MOG35–55 specificity of purified CD8+ and CD4+T Cells
Try to answer the above questions, unfractionated T cells were isolated by CD8 or CD4 kit. As shown in Figure 2, there were around 90% CD8+ CD3+ cells in the fraction of T cells in 4 groups after CD8 bead enrichment and around 90% CD4+CD3+ cells in the fraction of T cells after CD4 bead enrichment in 4 groups. These CD8+CD3+ and CD4+CD3+ cells were highly pure and appropriate for the following functional experiments.
The purified CD8+ and CD4+ T cells were examined for antigen-specific functions by a proliferation assay. The representative results shown in Figure 3 indicated that the MOG35–55 peptide had a strong stimulatory effect on both CD8+ and CD4+ T cells. Although the purified CD8+ T cells had a generally lower response to MOG35-55 than CD4+ T cells, it was apparent that the response of CD8+ T cells was not always dependent on CD4 + T cells. By the way, upon to the highest MOG35-55 concentration (20mg/mL) as shown in Figure 3A, compare with distilled water group (21711.33 ±1589.42 cpm), there is lower antigen-specific responses of CD8+ T cells in HQGZWW high dose and prednisone groups (10510.67 ±1189.87 cpm and 9575.33 ±1064.00 cpm, respectively, P = 0.001), but not in when they are compared with HQGZWW low dose group (19665.33 ±1553.61 cpm, P = 0.104). Among different treatments, it was shown that antigen-specific responses of CD8+ T cells in HQGZWW high dose group than HQGZWW low dose group (P = 0.001), and similar to prednisone group (P = 0.427).

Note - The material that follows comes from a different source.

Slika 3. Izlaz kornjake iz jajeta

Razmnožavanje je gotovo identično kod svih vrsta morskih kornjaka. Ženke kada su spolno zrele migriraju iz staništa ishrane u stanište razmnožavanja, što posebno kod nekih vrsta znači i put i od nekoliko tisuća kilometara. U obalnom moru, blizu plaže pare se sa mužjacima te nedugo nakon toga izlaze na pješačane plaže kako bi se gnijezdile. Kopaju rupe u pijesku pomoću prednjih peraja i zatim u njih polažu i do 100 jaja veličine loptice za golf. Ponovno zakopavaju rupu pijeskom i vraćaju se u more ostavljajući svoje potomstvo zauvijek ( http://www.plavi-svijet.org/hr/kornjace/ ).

As shown in Figure 3B, It is shown that similar pattern for CD4+ T cells proliferation, compare with distilled water group (64557.67 ± 2547.57 cpm), there were significant decrease of EAE score in both HQGZWW high dose, prednisone group and HQGZWW low dose groups (21281.67 ± 1739.08 cpm, 20104.00 ± 1364.82 cpm, and 50799.33 ± 2449.17 cpm, respectively, P = 0.001). Among different treatments, it was shown that antigen-specific responses of CD8+ T cells in HQGZWW high dose group than HQGZWW low dose group (P = 0.001), and similar to prednisone group (P = 0.509). To sum up, the antigen-response of CD8+ or CD4+ T cells in four groups were consistent with the EAE score and histology result in Figure1.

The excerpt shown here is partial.